Search code examples
pythonpython-polars

group_by result is inconsistent in polars


Based on the example from the Aggregation section of the User Guide

import polars as pl
from datetime import date

def compute_age() -> pl.Expr:
    return date(2021, 1, 1).year - pl.col("birthday").dt.year()

def avg_birthday(gender: str) -> pl.Expr:
    return compute_age().filter(
            pl.col("gender") == gender
        ).mean().alias(f"avg {gender} birthday")

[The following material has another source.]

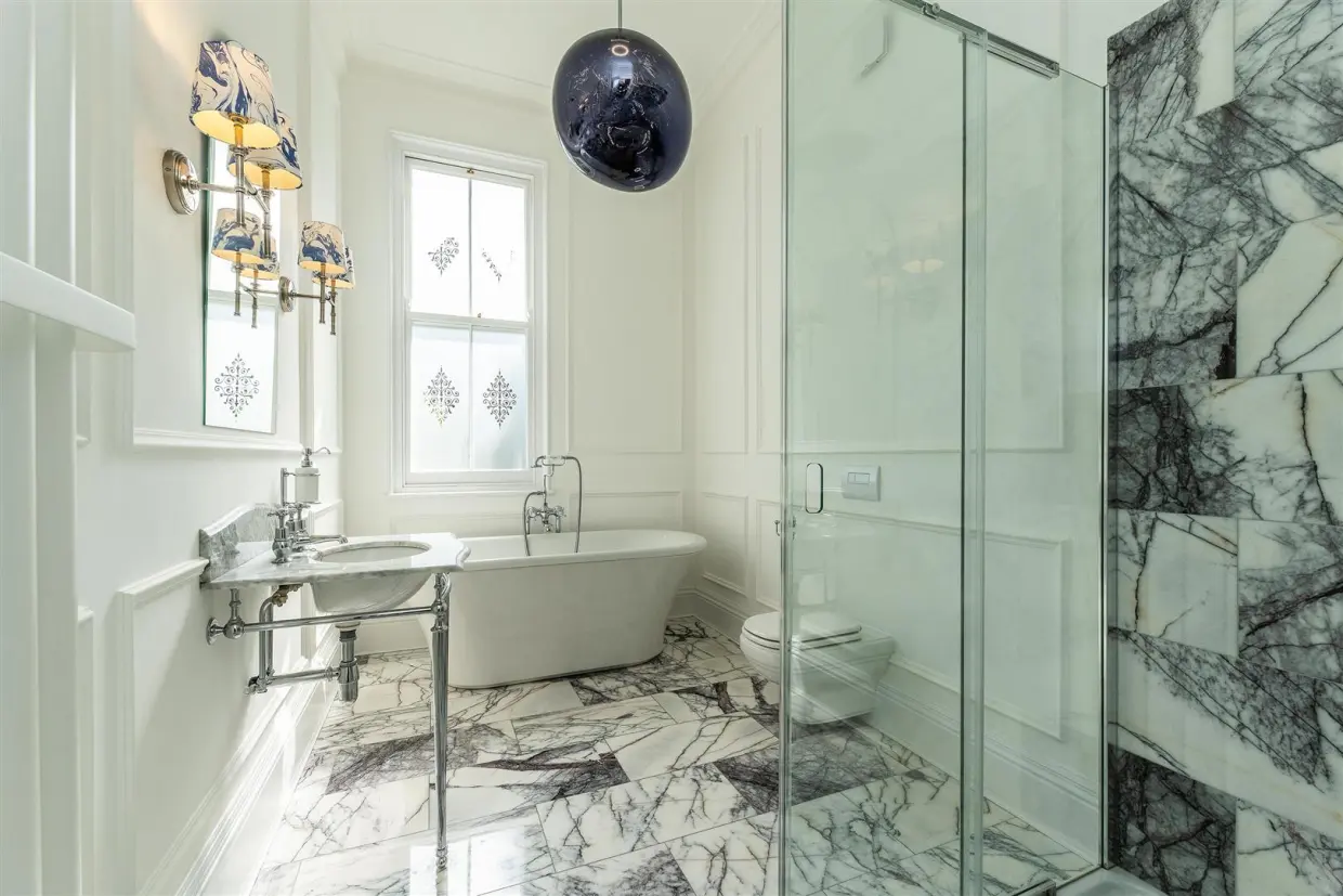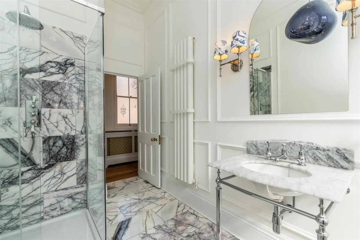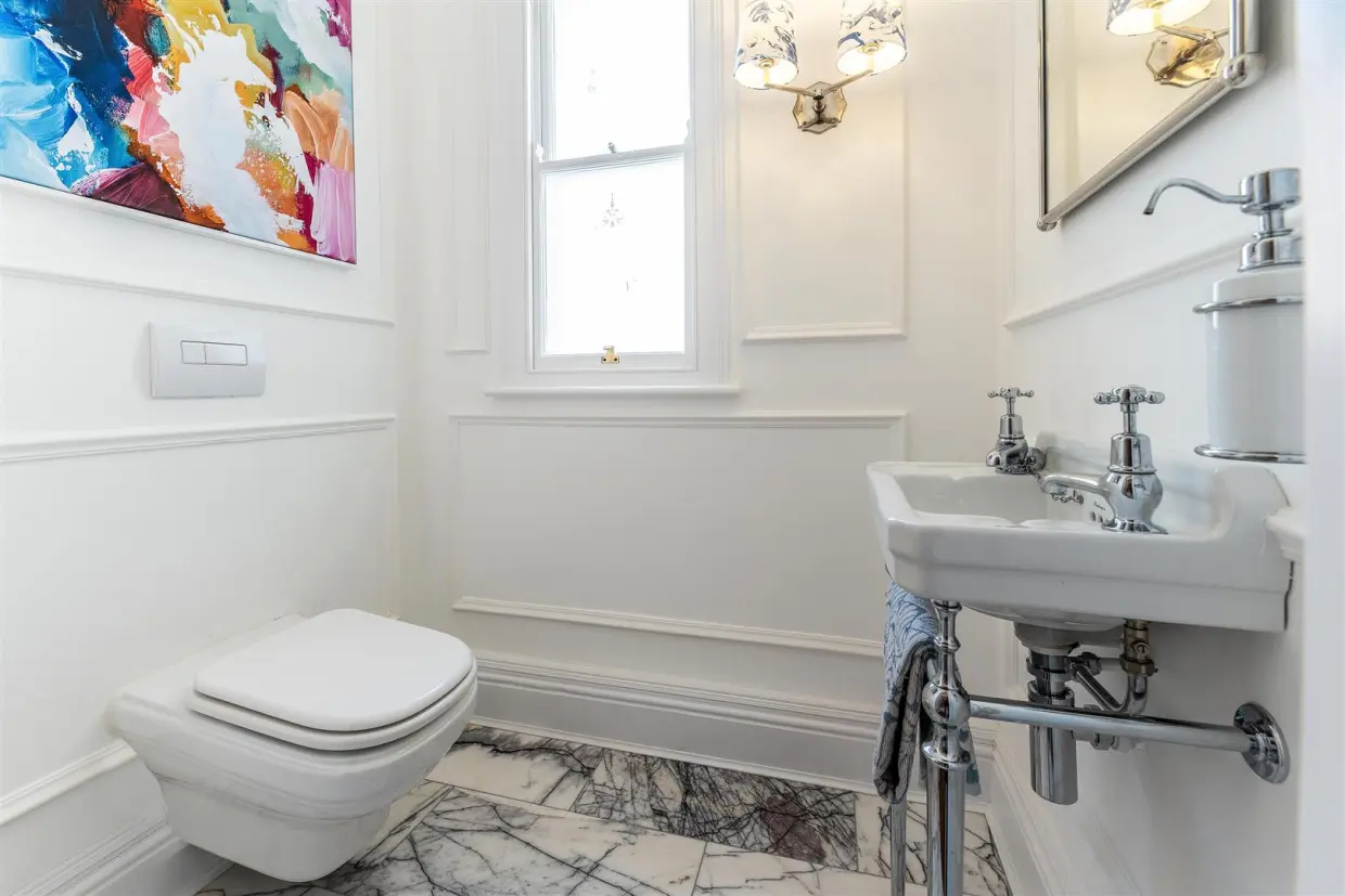 Every detail of Elmhurst's restoration honours its historic roots. Original pitch pine sash windows have been expertly restored and fitted with heritage, hand-engraved glass, while bespoke oak flooring runs throughout most of the home. The bathroom and Cloaks/WC boast Carrara marble flooring and custom panelling complementing the thoughtful restoration of skirting boards, fireplaces, and decorative plasterwork, including ceiling roses in most rooms.

dataset = pl.read_csv(b"""
state,gender,birthday
GA,M,1861-06-06
MD,F,1920-09-17
PA,M,1778-10-13
KS,M,1926-02-23
CO,M,1959-02-16
IL,F,1937-08-15
NY,M,1803-04-30
TX,F,1935-12-03
MD,M,1756-06-03
OH,M,1786-11-15
""".strip(), try_parse_dates=True).lazy()

q = (
    dataset
    .group_by("state")
    .agg(
        avg_birthday("M"), 
        avg_birthday("F"),
        (pl.col("gender") == "M").count().alias("# male"), 
        (pl.col("gender") == "F").sum().alias("# female"),
    )
)

The result is inconsistent. For example, the first time I run q.collect().head()

shape: (5, 5)
┌───────┬────────────────┬────────────────┬────────┬──────────┐
│ state ┆ avg M birthday ┆ avg F birthday ┆ # male ┆ # female │
│ ---   ┆ ---            ┆ ---            ┆ ---    ┆ ---      │
│ str   ┆ f64            ┆ f64            ┆ u32    ┆ u32      │
╞═══════╪════════════════╪════════════════╪════════╪══════════╡
│ GA    ┆ 160.0          ┆ null           ┆ 1      ┆ 0        │
│ OH    ┆ 235.0          ┆ null           ┆ 1      ┆ 0        │
│ CO    ┆ 62.0           ┆ null           ┆ 1      ┆ 0        │
│ KS    ┆ 95.0           ┆ null           ┆ 1      ┆ 0        │
│ TX    ┆ null           ┆ 86.0           ┆ 1      ┆ 1        │
└───────┴────────────────┴────────────────┴────────┴──────────┘

The second time:

shape: (5, 5)
┌───────┬────────────────┬────────────────┬────────┬──────────┐
│ state ┆ avg M birthday ┆ avg F birthday ┆ # male ┆ # female │
│ ---   ┆ ---            ┆ ---            ┆ ---    ┆ ---      │
│ str   ┆ f64            ┆ f64            ┆ u32    ┆ u32      │
╞═══════╪════════════════╪════════════════╪════════╪══════════╡
│ TX    ┆ null           ┆ 86.0           ┆ 1      ┆ 1        │
│ OH    ┆ 235.0          ┆ null           ┆ 1      ┆ 0        │
│ CO    ┆ 62.0           ┆ null           ┆ 1      ┆ 0        │
│ NY    ┆ 218.0          ┆ null           ┆ 1      ┆ 0        │
│ GA    ┆ 160.0          ┆ null           ┆ 1      ┆ 0        │
└───────┴────────────────┴────────────────┴────────┴──────────┘

I guess it may be caused by parallelization? Is this a bug or a feature? How to keep the result consistent?


Solution

  • Use maintain_order=True on group_by.

    maintain_order: Ensure that the order of the groups is consistent with the input data. This is slower than a default group by. Setting this to True blocks the possibility to run on the streaming engine.